No [and] candidly every job I ever had has ended, it's the nature of the business. We were an Andrew Lloyd Webber musical [like] "Cats" or "Phantom." So I don't see this as unfair. I'm certainly aware of the fan base and its enormous enthusiasm and the letter-writing campaigns. I got letters full of blue confetti from "Cancel the Cancel" groups. But it's the nature of these things. Nothing lasts forever, and I'm happy with these eight shows coming up and that they are as good as they are. The first saying about show business that anyone learns — even those who don't go into show business — is always leave them wanting more.


Let's get to the brass tacks question: will there ever be a spinoff?

I truly don't know. That's above my pay grade and no one [at the network] has come to me. But the business is obviously changing [and] I don't know what the model for those [Hollywood] folks looks like going forward.


I don't want to get into spoiler territory, but I'm guessing the last episode will end around that iconic Sunday dinner table. Seems like a lot of beloved actors from 14 will have to squeeze around it.

Yes, I don't think it's spoiling anything to say that the art department had to order a new leaf for it. I will say that not anyone who wasn't there before will be there.

Again, no spoilers but can you sketch that end scene in the broadest of terms?
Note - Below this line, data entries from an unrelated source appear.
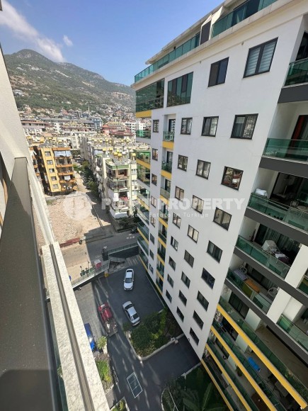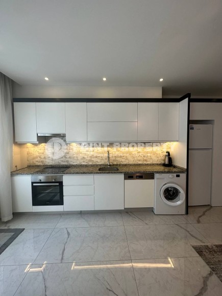 We present to your attention an apartment with a top location within walking distance from the sea and the center of the popular Mediterranean resort - Alanya. It is located on the 7th floor of a residence commissioned in 2021 and consists of a kitchen combined with a living room, a bedroom, a bathroom equipped with a shower and an open balcony overlooking the city streets. The total area of the apartment is 60 m2, however, thanks to the zoning of the territory and the light, laconic interior, the apartment visually seems much more spacious. In the center of the living room there is a comfortable seating area with a massive corner sofa, a bookcase, a coffee table and a side table. There is a dining table with soft chairs by the window. The practical kitchen is equipped with a refrigerator, washing machine, dishwasher, touch surface and oven. The bedroom is equipped with a large bed, dressing table and wardrobe, and on the balcony there is a set of compact garden furniture.
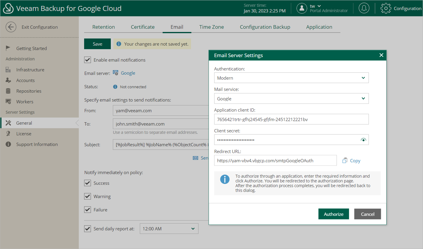 - Back to the Veeam Backup for Google Cloud Web UI, do the following in Email Server Settings window:
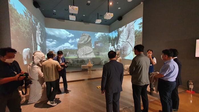 | ▲ 박환희 운영위원장 등이 태릉 조선왕릉전시관을 살펴보고 있다. |
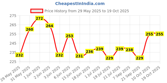 The current price is ₹255, which is ₹26 (11.4%) higher than the best price of ₹229 last seen on 19 Jul 2025. Over the 142 day price history period, prices have ranged from ₹229 to ₹272, with an average of ₹244. The pricing shows moderate volatility, but the overall trend is concerning as prices are getting more expensive. In terms of recent activity, there have been 0 price changes this week, 1 this month, and 13 over the past year. If you need this product now, it's a reasonable time to buy as prices are stable, but you might want to monitor for potential better deals.
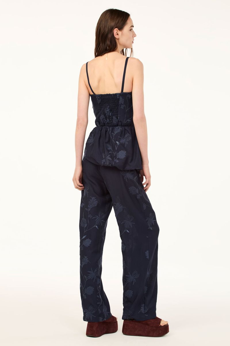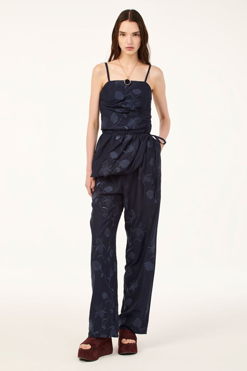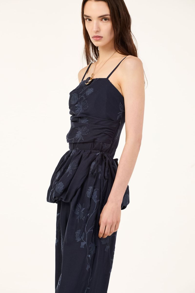 O macacao Ravena CRIS BARROS é elegante e estiloso. De Ravena, linho bordado com ramalhetes de flores orgânicas envolvidas por fio de lurex brilhante. Possui shape reto, corpo drapeado, sem alças, lastex nas costas para garantir o conforto, bolsos laterais funcionais e acompanha basque balonê com rolote de amarração que garante um charme extra à peça.
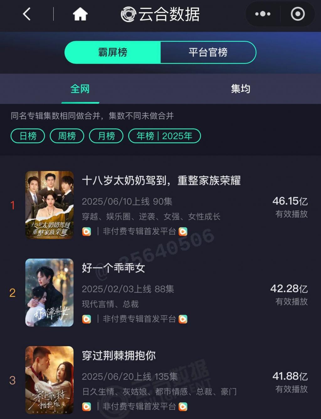 2025 年,“短剧一姐”无疑是手握《十八岁太奶奶驾到,重整家族荣耀》和《夫人她专治不服》两大爆款系列的李柯以。其中《十八岁太奶奶驾到,重整家族荣耀》首部凭借 46 亿的云合有效播放斩获 2025 短剧“剧王”之称,整个系列三部作品总播放量更是超过了 120 亿。
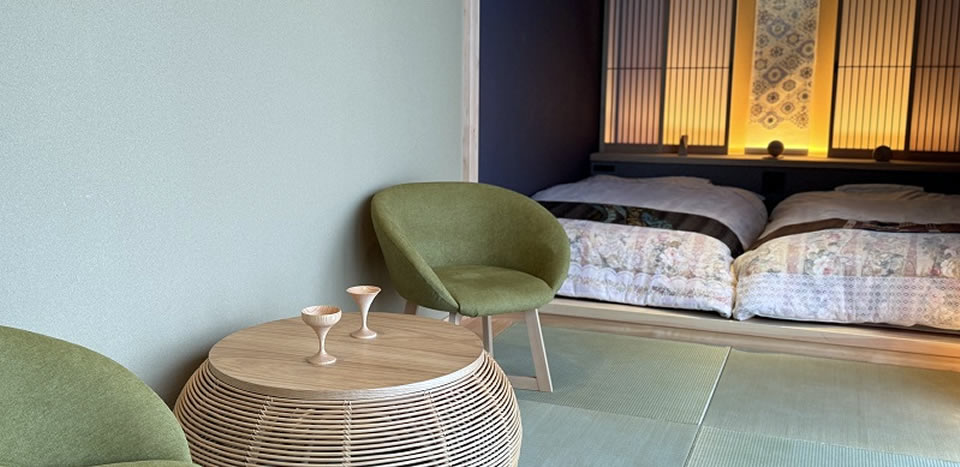 美唄コース内に待望の宿泊キャビンが登場! 1棟3名様まで貸し切り。和の趣を大切にした空間で、静寂と安らぎに包まれる特別なひとときをお過ごしいただけます。
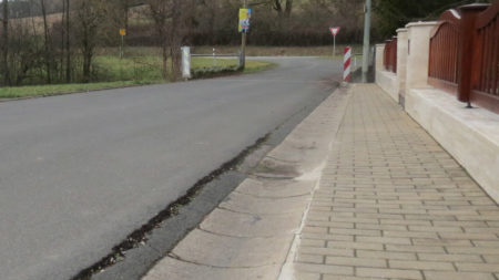 [9]Oberflächige Straßenschäden „An der Ziegelhütte“, die anliegenden Häusern werden aufgrund eines maroden Unterbaus zur historischen Brücke hin durch den einfahrenden Schwerlastverkehr stark beeinträchtigt.
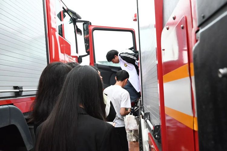 同學(xué)們登上消防救援車體驗(yàn)當(dāng)消防員的感受
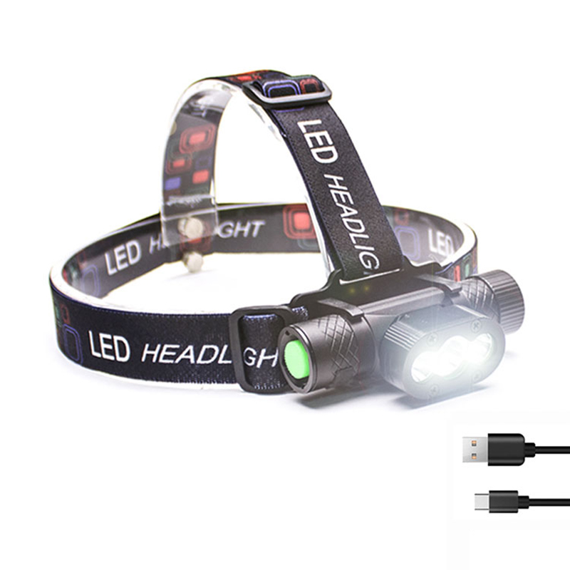 Večnamenska naglavna svetilka s senzorjem za polnjenje USB v 10 načinih

In the last act of the last show, we had the latitude to maybe tie something up — or project something into the future. [Producer] Siobhan Byrne O'Connor and I wrote it and we brought back things that could be considered loose ends. We didn't tie them up but do give the audience a sense of the direction that this fictional world would travel down [afterward].

I've often thought that the moral of '"Blue Bloods" is that there is a greater good in this fictional world which is often bedeviled by lesser goods, aka political or bureaucratic exigencies. Your postmortem?

I'll try not to make my answer self-serving because I was the showrunner, but if we tried to do something that the audience recognized, it was to take an emotional issue or political issue or crime issue and we didn't preach. If we ever had a polarizing issue [in a storyline] we tried to build a soap box of equal size for both sides. We never had anyone wagging their finger at the audience, and say 'this is how you act if you're a good person.' If I've learned anything about Long Islanders, they don't like to be lectured on what is or is not good behavior.